Possible future directions for this project include:
- Benchmarking the LA Metro system against other transit systems worldwide. Open-sourcing our analysis is the first step towards beginning a discussion on how to measure and compare transit systems worldwide. Due to budget constraints and ageing infrastructure, perfect GPS tracking and precise reporting of arrival times is not commonly found in rail systems. We want to develop low-cost and reliable methods to estimate train arrival times at stations.
- Monitoring causes of delays and providing additional statistics on these.
- Currently, monitoring the LA bus network is outside the scope of this project.
- We do not plan to duplicate/compete with existing services that provide upcoming arrival predictions. NextBus, Google Maps and Transit already provide these services. We focus on historical data only.
- We will not produce any new 'raw' data - for example like Transit's approach of gathering crowd-sourced positioning data from its users to support and improve Metro's predictions.
What We Need:
- Developers (Python and/or GIS systems knowledge -- HIGH PRIORITY)
- Transport Engineers (to assist in development of arrival time estimation algorithm -- HIGH PRIORITY)
- Front End Developers (React, data visualization)
- QA Testers (spotting bugs, feedback on site-design -- currently low priority)
This web application is built on a python backend, which logs and processes vehicle tracking data from Metro's real-time API. The front end is a React app hosted on a static server (GitHub or Netlify - TBC) that is recompiled daily as new performance data becomes available on our python backend.

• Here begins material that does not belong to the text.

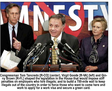 After three amnesties since 1986, President George W. Bushlike the Democrats in the House and Senateis being pushed by the labor unions (that have never supported him) for still another amnesty program. But the primary pressure on Bush and the GOP is coming from Wall Street, the Fed bankers and the World Trade Organization. The WTO is fighting to open the borders of every nation in the world as they transfer the industrial strength of America to the third world where the human capitalthe unemployed, impoverished masseswho will become tomorrow's consumers eagerly await the jobs that are being exported from America's urban centers to provide them with the income needed to replace the American consumer as the world's most sought after shoppers. About 1.25 million illegals per year become permanently entrenched in the American economy. None of them become taxpayers although all of them reap the benefits of the sweat equity of lawful taxpaying citizens through welfare programs and other societal benefits including public school and tuition credits to attend local colleges and universities. Every four years another 5 million illegals burrow themselves into the American economy. In the last 12 years, 12 to 15 million more illegals entered the country. Under the bill passed by the House, those who enter the country illegally would be guilty of a felony. Once again, the US Senate is talking alien-amnesty. While the House bill correctly zeroed in on closing and sealing our borders and punishing those who hire illegal aliens as a means of discouraging illegals from entering the country, the Senate voting the will of their private constituency, the labor unions and bankersis offering amnesty. Where the House bill would criminalize entering the United States illegally, the Senate version would allow those same illegals citizenship with a pricepaying back taxes on the incomes thoy earned working under-the-table. The Senate version of the bill that is favored by Bush would legalize the status of 9.3 million Hispanics while causing another 2 to 3 million to be deported. But, in the 11th hour, Senate Republicans, fearful of voter backlash in November, killed the measure which Senate Minority Leader Harry Reid said was a bill he believed Senate Democrats could "dance to." A one-time amnesty The president called his amnesty bill a "one-time amnesty." Reagan called it the same thing. So did George H.W. Bush in 1990 with the passage of the Immigration and Naturalization Act of 1990 which expanded the number of immigrants who could legally enter the country. Congress mistakenly believed that by increasing the number of aliens who could legally enter the country, there would be fewer illegals. Bill Clinton also believed in a one-time amnesty, but not with the passage of the Immigration Control Act of 1993 that created a computer system that would trap illegals by verifying the Social Security numbers and INS status of prospective employees before they could be hired. Clinton used an Executive Order to waive citizenship requirements in 1996, and offered a blanket amnesty to 5 million illegals by granting them citizenship. And, finally, President George W. Bush also called his Guest Worker Program a "one-time" amnesty. What each of these presidents did was akin to discovering your party has been infiltrated by scores of people you didn't invite and don't want; and inviting them to stay only because you don't know how to get rid of themand you believe if you formally invite them, they will bring gifts. The tragedy here is that if we don't solve the problem very quickly, we will relive this "one-time amnesty" offer every six or seven years until the amnesty-citizens are the majority population of the United States and the laws coming from the nation's capital open the door to Mexico wide and the key is thrown away. Mexico will have conquered America without firing a shot. Solving the problem Tom Tancredo is one of a small handful of Congressmen and Senators who realizes the problem will not improve by offering illegals amnesty since it is the expectation of amnesty that brings them. A illegal alien shelter manager in Arizona, Francisco Loureiro, noted that he had not seen such a rush of migrants since 1986 when the Reagan Administration let 3.6 million illegal residents get American citizenship. This time, he said, the draw is the new Immigration Reform bill that, in addition to tightening the border, will offer citizenship prospects to between 11 and 13 million illegals. "Every time there's talk in the North of legalizing migrants," Loureiro said, "people get their hopes up. But they don't realize how hard it will be to cross." Tancredo responded: "Proponents of McCain-Kennedy can call their plan whatever they likeearned legalization, a path to citizenship, bringing people out of the shadows, and similar euphemismsbut illegal aliens aren't stupid. They know amnesty when they see it. And rewarding illegal aliens is amnesty with a capital 'A'. Once again, we have empirical proof to show that rewarding illegal behavior encourages more of the same. New illegal aliens know that they can forge documents to make it look like they've been in the United States for years. And, illegal aliens know our government's record well. They know this won't be the "last" amnesty. Our government must show a good faith effort to secure our borders instead of keeping our doors wide open to more illegal aliens." Tancredo is right. The policies of the past six presidents has been to leave the door open wide and ask those who want to come in not to enterand then not only not closing and locking the door, but leaving the door virtually unattended as we expect the impoverished of other nations who view America as the Garden of Eden, to stand outside the Garden looking in without stepping across the threshold. Tancredo also recalled the comments of Juan Hernandez the former Minister for Mexicans Living in the United States. Tancredo said Hern

Please see the repo "Issues" tab for currently open tickets.
Largely complete
The primary source of Metro data, naturally, is Metro's publicly released data sets and API endpoints. Metro partners with NextBus to produce predictions and real-time data, releases regular performance reports and responds to FOIA requests. All media coverage of Metro performance is based on these primary sources to our knowledge. The ONLY external primary data we are aware of is Transit's crowd-sourced data, which is incomplete.
In progress
We are in contact with Metro staff and developers, aiming to set up a meeting to discuss key questions and datasets. We have also submitted an FOIA request to Metro for raw arrival time records, should they exist. Transit is unable to provide us with historical crowd-sourced records.
Started
We have a good understanding of the Metro API and datasets, but need to produce our own documentation and data dictionary so that contributors have an easy reference for all input data.
Beginning
We have a good idea of what the model inputs and outputs should be (again, these need to be documented). The most difficult part of the entire project, however, will be to define the arrival estimate model. The timing of vehicle position updates are NOT in sync with the train schedule, hence we cannot directly know the actual arrival times of Metro trains. Instead, we need to determine whether trains are running to schedule based on an arbitrary set of GPS coordinates and times for each trip.
Beginning
Our initial logging scripts are working - regularly inserting vehicle tracking data into a SQLite database. We need to continue to build out this system and transition over to a dedicated server running Postgres.
Not started
We need to build a website frontend to report our statistics. The current plan is a React app running on a static hosting service (GitHub or Netlify) - this should be easy to build and cheap to maintain.
Not started
Once we get underway building the frontend, we will build in analytics to measure the success and popularity of our app.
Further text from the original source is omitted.